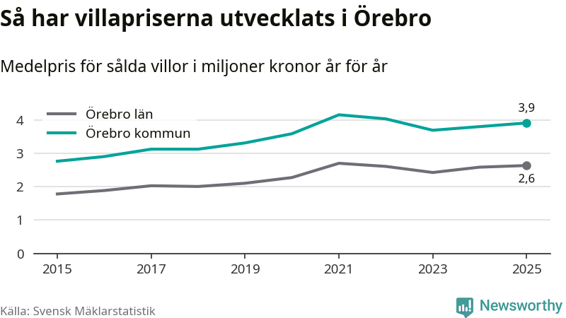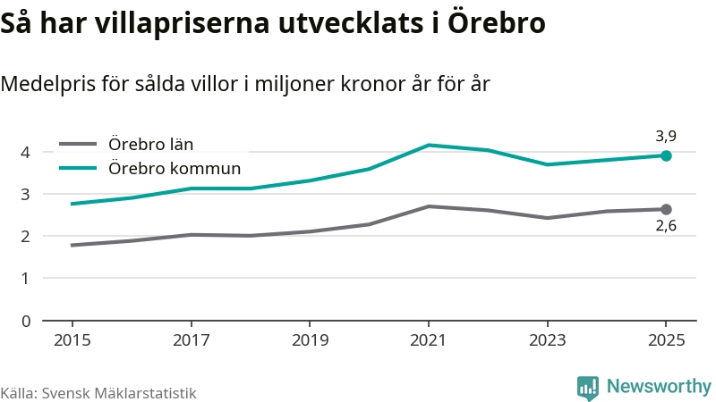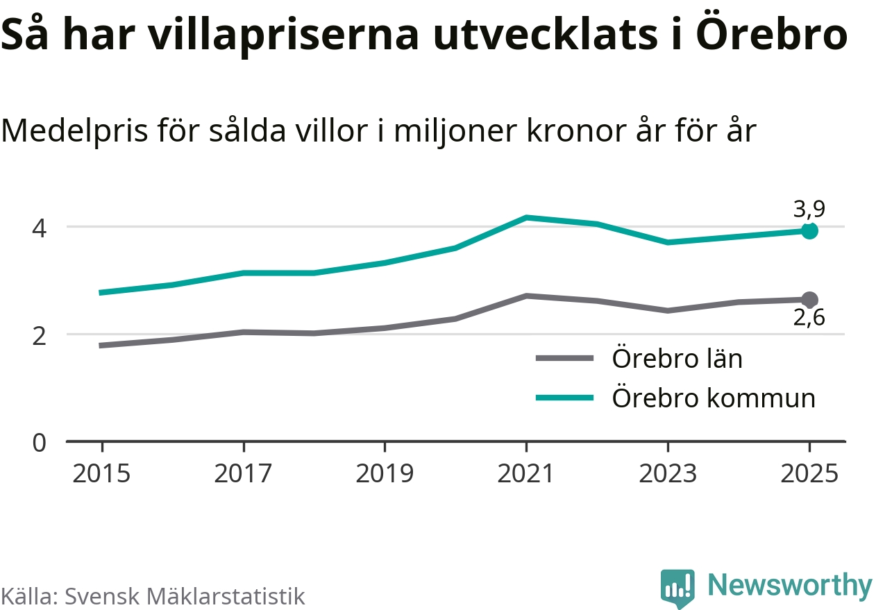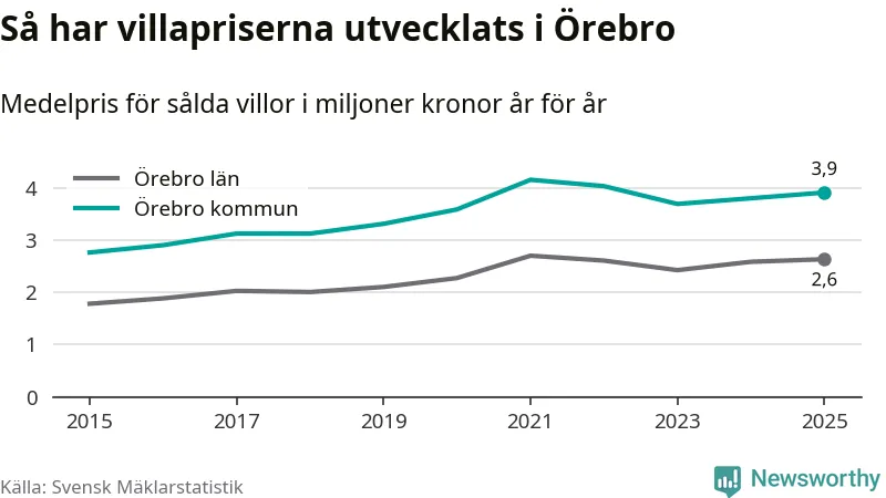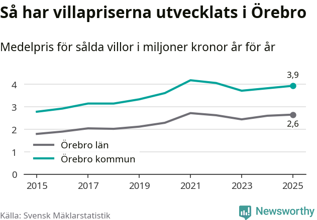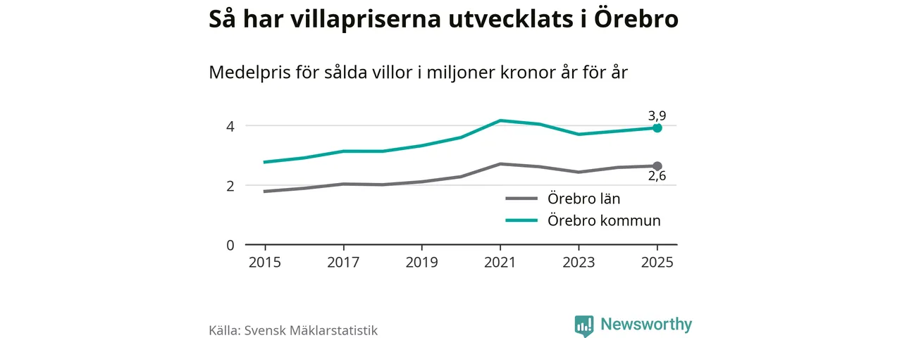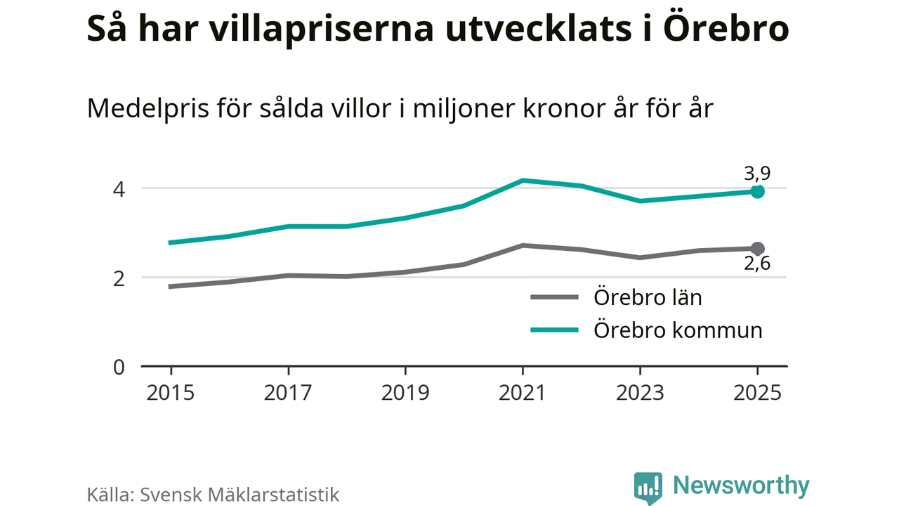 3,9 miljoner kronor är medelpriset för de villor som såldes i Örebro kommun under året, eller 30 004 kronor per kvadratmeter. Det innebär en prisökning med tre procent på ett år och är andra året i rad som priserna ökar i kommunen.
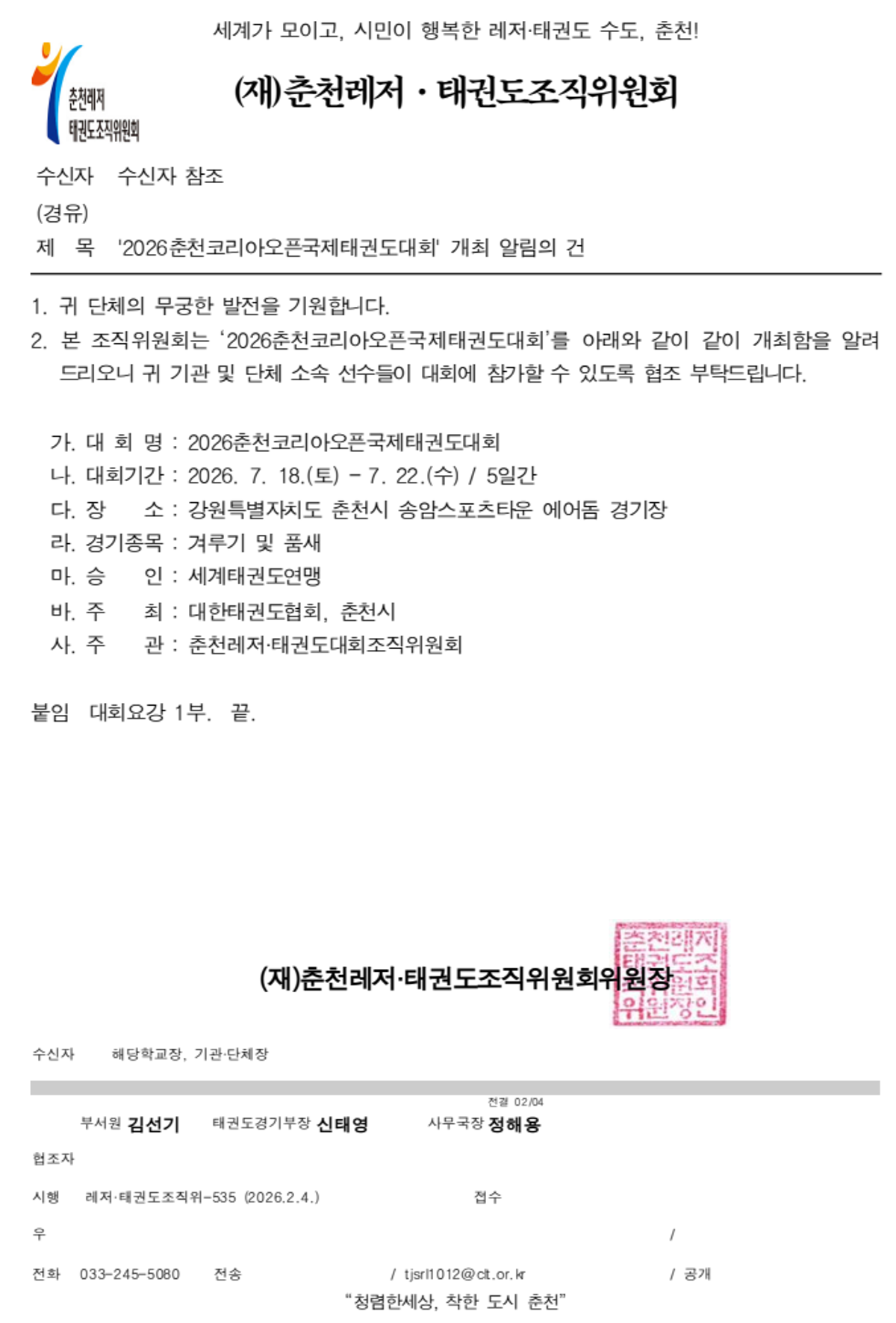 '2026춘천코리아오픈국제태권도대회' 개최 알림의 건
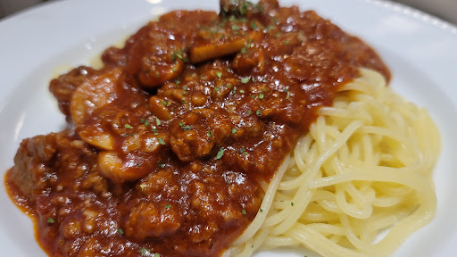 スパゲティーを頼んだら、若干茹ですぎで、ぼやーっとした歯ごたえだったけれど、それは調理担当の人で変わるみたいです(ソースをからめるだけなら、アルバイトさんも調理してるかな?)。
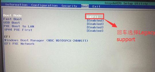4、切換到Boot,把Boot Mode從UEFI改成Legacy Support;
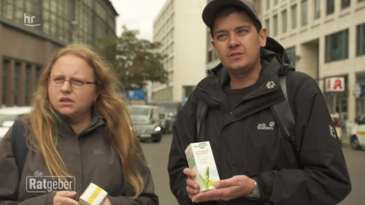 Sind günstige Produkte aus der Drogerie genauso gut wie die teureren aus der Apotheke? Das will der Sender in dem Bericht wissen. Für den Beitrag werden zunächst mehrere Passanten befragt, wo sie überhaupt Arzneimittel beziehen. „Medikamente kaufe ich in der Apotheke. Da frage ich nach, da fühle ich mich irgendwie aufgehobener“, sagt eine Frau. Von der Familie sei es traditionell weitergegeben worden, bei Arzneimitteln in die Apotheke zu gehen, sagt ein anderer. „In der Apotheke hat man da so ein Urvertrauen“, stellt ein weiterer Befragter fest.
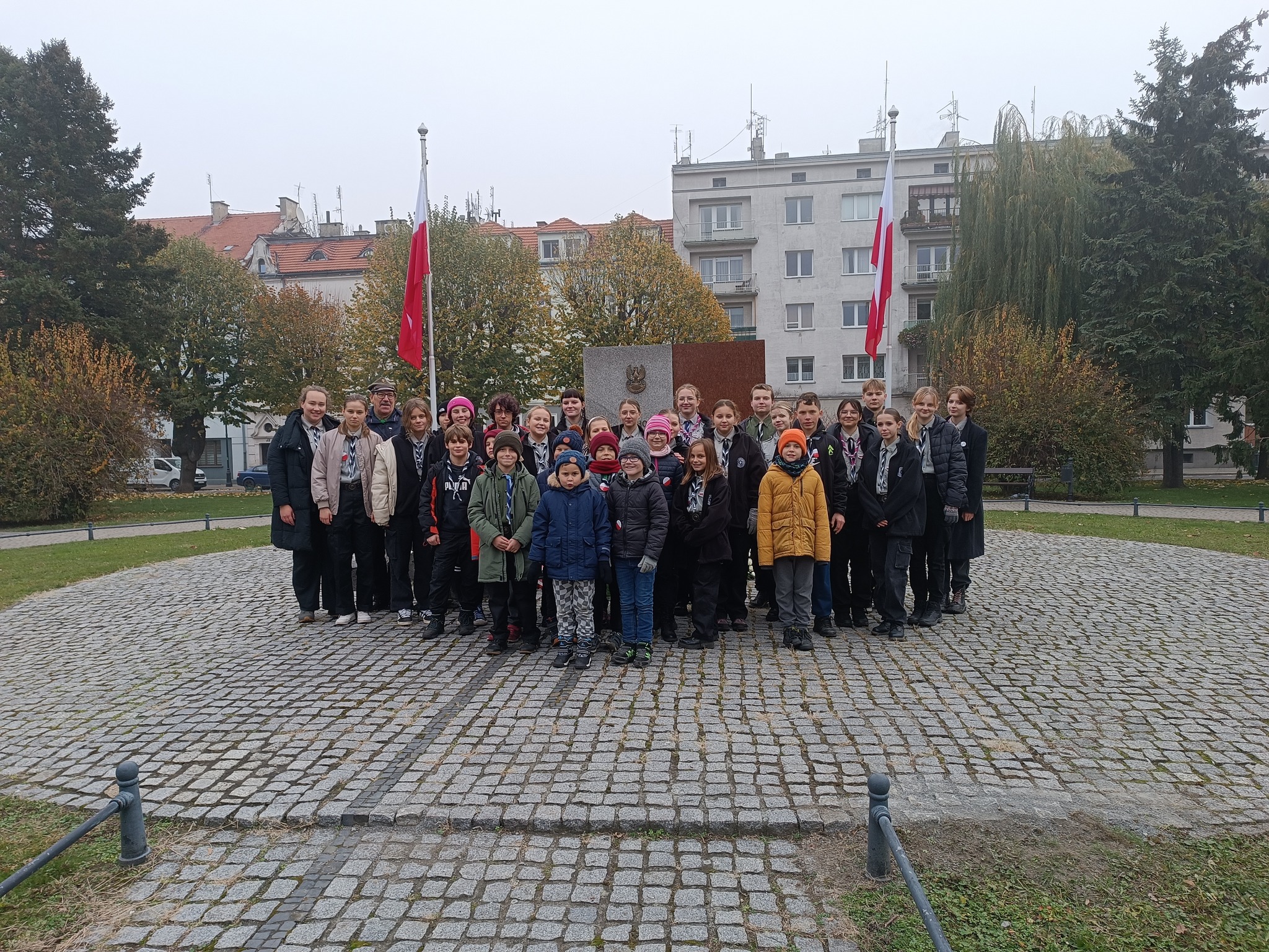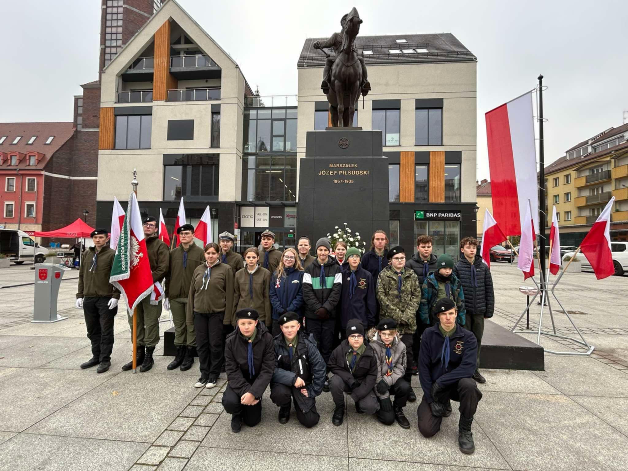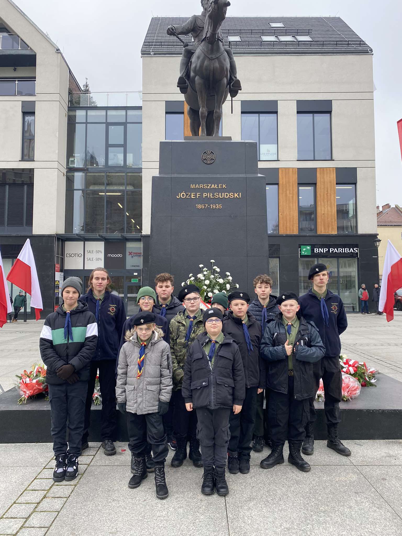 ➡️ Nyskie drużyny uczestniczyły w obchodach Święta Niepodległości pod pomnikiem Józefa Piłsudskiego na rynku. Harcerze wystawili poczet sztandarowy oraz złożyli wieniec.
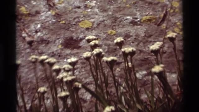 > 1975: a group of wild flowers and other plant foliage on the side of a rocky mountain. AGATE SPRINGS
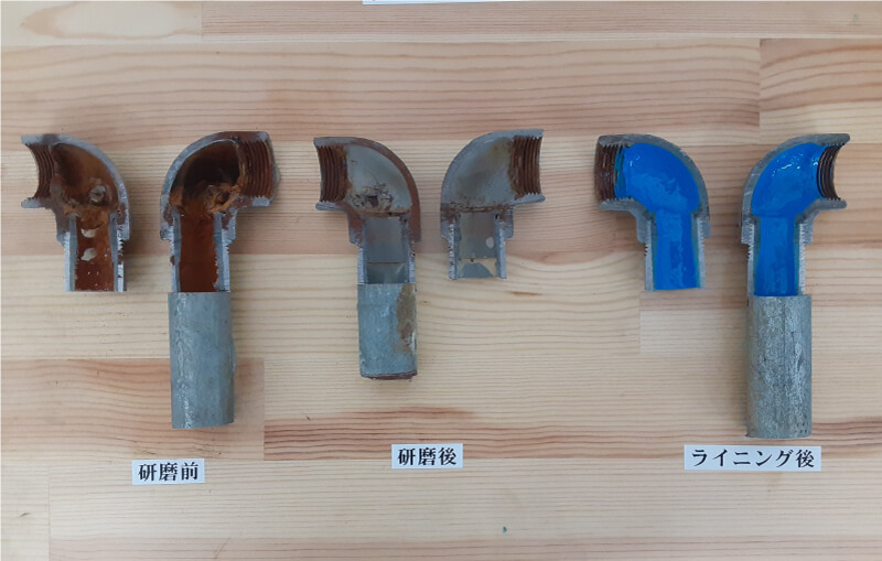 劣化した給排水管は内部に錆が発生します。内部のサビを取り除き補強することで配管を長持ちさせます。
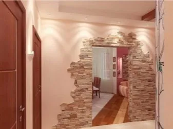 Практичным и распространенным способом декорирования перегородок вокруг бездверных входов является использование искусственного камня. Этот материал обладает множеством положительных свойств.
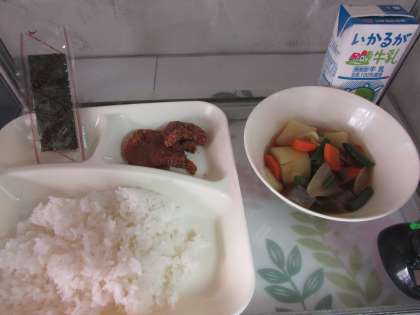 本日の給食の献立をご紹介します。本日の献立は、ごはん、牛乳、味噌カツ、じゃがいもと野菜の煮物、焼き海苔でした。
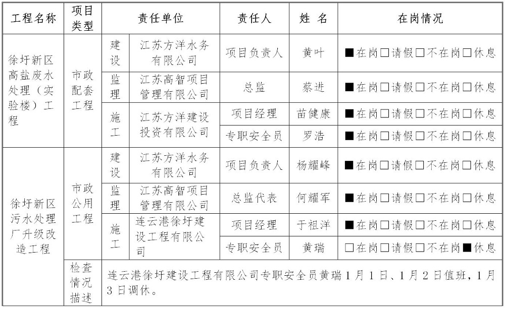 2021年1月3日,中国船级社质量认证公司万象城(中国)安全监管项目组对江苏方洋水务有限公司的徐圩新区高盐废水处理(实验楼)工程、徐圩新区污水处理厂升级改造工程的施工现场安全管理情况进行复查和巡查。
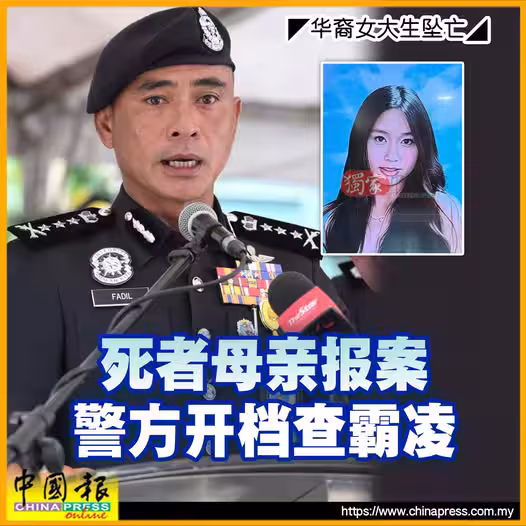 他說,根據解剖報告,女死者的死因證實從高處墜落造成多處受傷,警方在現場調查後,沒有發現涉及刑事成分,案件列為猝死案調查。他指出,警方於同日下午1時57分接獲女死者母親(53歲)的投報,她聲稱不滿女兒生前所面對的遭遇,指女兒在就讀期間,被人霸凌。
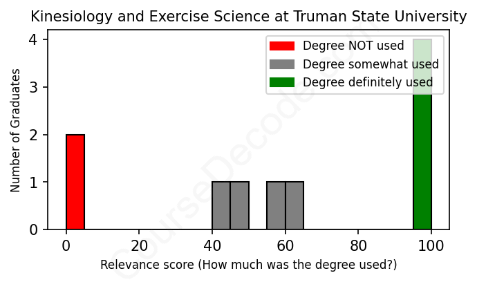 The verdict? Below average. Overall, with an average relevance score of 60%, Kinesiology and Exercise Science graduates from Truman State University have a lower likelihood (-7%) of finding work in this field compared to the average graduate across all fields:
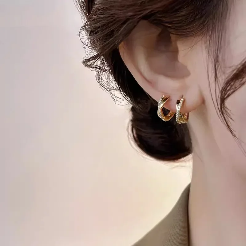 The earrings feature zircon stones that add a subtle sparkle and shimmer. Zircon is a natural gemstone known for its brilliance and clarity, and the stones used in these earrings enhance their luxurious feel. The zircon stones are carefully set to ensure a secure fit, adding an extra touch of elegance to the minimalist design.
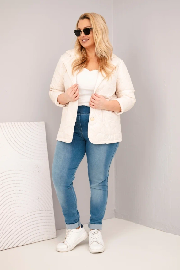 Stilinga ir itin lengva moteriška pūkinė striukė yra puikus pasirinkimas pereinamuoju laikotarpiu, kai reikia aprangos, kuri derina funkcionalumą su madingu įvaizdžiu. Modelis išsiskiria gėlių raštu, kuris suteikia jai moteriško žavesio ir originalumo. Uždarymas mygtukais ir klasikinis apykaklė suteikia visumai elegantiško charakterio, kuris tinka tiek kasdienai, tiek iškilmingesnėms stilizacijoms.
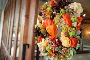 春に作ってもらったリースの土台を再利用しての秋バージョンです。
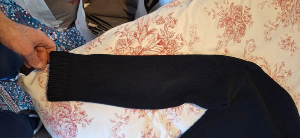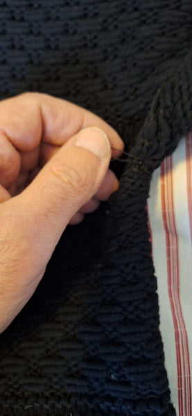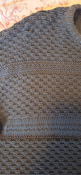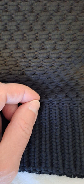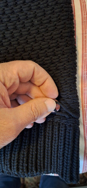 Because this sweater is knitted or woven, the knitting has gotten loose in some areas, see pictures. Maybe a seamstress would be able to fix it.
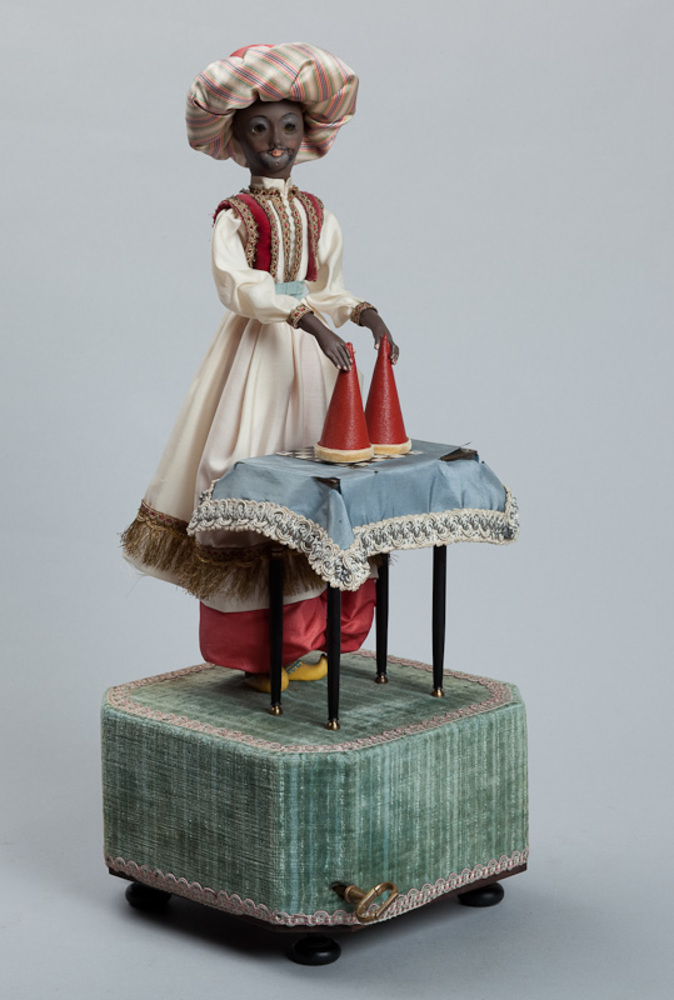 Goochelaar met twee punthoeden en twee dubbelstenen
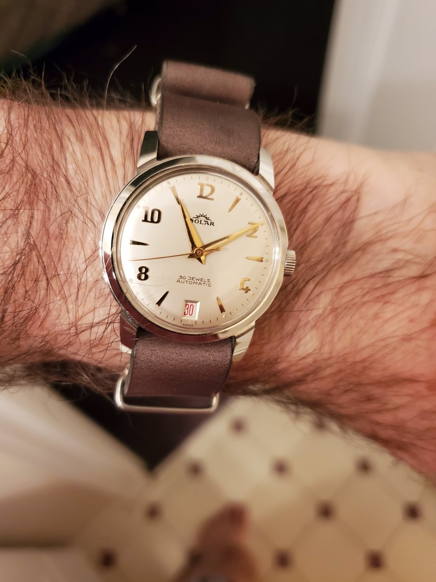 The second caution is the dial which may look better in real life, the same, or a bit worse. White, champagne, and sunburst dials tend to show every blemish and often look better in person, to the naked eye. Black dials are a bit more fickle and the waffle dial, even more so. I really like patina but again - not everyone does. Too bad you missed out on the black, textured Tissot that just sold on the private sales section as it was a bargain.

Exercise goal. Return the listing above word for word. Keep the images out.

Answer box.
 3,9 miljoner kronor är medelpriset för de villor som såldes i Örebro kommun under året, eller 30 004 kronor per kvadratmeter. Det innebär en prisökning med tre procent på ett år och är andra året i rad som priserna ökar i kommunen.
 '2026춘천코리아오픈국제태권도대회' 개최 알림의 건
 スパゲティーを頼んだら、若干茹ですぎで、ぼやーっとした歯ごたえだったけれど、それは調理担当の人で変わるみたいです(ソースをからめるだけなら、アルバイトさんも調理してるかな?)。
4、切換到Boot,把Boot Mode從UEFI改成Legacy Support;
 Sind günstige Produkte aus der Drogerie genauso gut wie die teureren aus der Apotheke? Das will der Sender in dem Bericht wissen. Für den Beitrag werden zunächst mehrere Passanten befragt, wo sie überhaupt Arzneimittel beziehen. „Medikamente kaufe ich in der Apotheke. Da frage ich nach, da fühle ich mich irgendwie aufgehobener“, sagt eine Frau. Von der Familie sei es traditionell weitergegeben worden, bei Arzneimitteln in die Apotheke zu gehen, sagt ein anderer. „In der Apotheke hat man da so ein Urvertrauen“, stellt ein weiterer Befragter fest.
 ➡️ Nyskie drużyny uczestniczyły w obchodach Święta Niepodległości pod pomnikiem Józefa Piłsudskiego na rynku. Harcerze wystawili poczet sztandarowy oraz złożyli wieniec.
 > 1975: a group of wild flowers and other plant foliage on the side of a rocky mountain. AGATE SPRINGS
 劣化した給排水管は内部に錆が発生します。内部のサビを取り除き補強することで配管を長持ちさせます。
 Практичным и распространенным способом декорирования перегородок вокруг бездверных входов является использование искусственного камня. Этот материал обладает множеством положительных свойств.
 本日の給食の献立をご紹介します。本日の献立は、ごはん、牛乳、味噌カツ、じゃがいもと野菜の煮物、焼き海苔でした。
 2021年1月3日,中国船级社质量认证公司万象城(中国)安全监管项目组对江苏方洋水务有限公司的徐圩新区高盐废水处理(实验楼)工程、徐圩新区污水处理厂升级改造工程的施工现场安全管理情况进行复查和巡查。
 他說,根據解剖報告,女死者的死因證實從高處墜落造成多處受傷,警方在現場調查後,沒有發現涉及刑事成分,案件列為猝死案調查。他指出,警方於同日下午1時57分接獲女死者母親(53歲)的投報,她聲稱不滿女兒生前所面對的遭遇,指女兒在就讀期間,被人霸凌。
 The verdict? Below average. Overall, with an average relevance score of 60%, Kinesiology and Exercise Science graduates from Truman State University have a lower likelihood (-7%) of finding work in this field compared to the average graduate across all fields:
 The earrings feature zircon stones that add a subtle sparkle and shimmer. Zircon is a natural gemstone known for its brilliance and clarity, and the stones used in these earrings enhance their luxurious feel. The zircon stones are carefully set to ensure a secure fit, adding an extra touch of elegance to the minimalist design.
 Stilinga ir itin lengva moteriška pūkinė striukė yra puikus pasirinkimas pereinamuoju laikotarpiu, kai reikia aprangos, kuri derina funkcionalumą su madingu įvaizdžiu. Modelis išsiskiria gėlių raštu, kuris suteikia jai moteriško žavesio ir originalumo. Uždarymas mygtukais ir klasikinis apykaklė suteikia visumai elegantiško charakterio, kuris tinka tiek kasdienai, tiek iškilmingesnėms stilizacijoms.
 春に作ってもらったリースの土台を再利用しての秋バージョンです。
 Because this sweater is knitted or woven, the knitting has gotten loose in some areas, see pictures. Maybe a seamstress would be able to fix it.
 Goochelaar met twee punthoeden en twee dubbelstenen
 The second caution is the dial which may look better in real life, the same, or a bit worse. White, champagne, and sunburst dials tend to show every blemish and often look better in person, to the naked eye. Black dials are a bit more fickle and the waffle dial, even more so. I really like patina but again - not everyone does. Too bad you missed out on the black, textured Tissot that just sold on the private sales section as it was a bargain.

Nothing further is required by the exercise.